In 2006, Cooley was the most notable law enforcement official to publicly oppose Proposition 83, better known as "Jessica's Law," a measure named after Jessica Lunsford, a 9-year-old who was raped and murdered by a paroled sex offender in Florida. Cooley criticized Jessica's Law as being "not carefully crafted," adding that "Not liking sex offenders is a good thing and a popular thing, but when you are creating something to deal with them you have to think it through." California voters passed Proposition 83 with 70.5% of the vote.

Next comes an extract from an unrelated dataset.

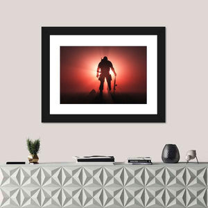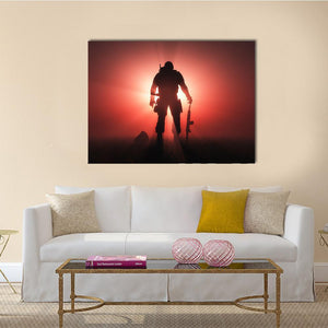 This powerful canvas features the silhouette of a soldier with a rifle, captured under a dramatic sunburst effect. The intense interplay of red, black, and white creates a mysterious atmosphere, making it a striking addition to your wall decor.

During his second term, Cooley's office was unsuccessful in the prosecution of Robert Blake for the murder of his wife Bonnie Lee Bakley. When interviewed about Blake's acquittal, Cooley publicly called members of the jury who acquitted Blake "incredibly stupid" and refused to apologize for the statement.

According to the Los Angeles Times, advocates for battered women criticized Cooley's handling of Deborah Peagler's case and others like it. In eight out of eight cases, he opposed the use of a California law that allows battered women in prison to be given a new hearing if evidence of domestic violence was omitted during the original proceedings. Cooley had initially supported Peagler's release from prison, but then withdrew his written offer to reduce the battered woman's prison sentence.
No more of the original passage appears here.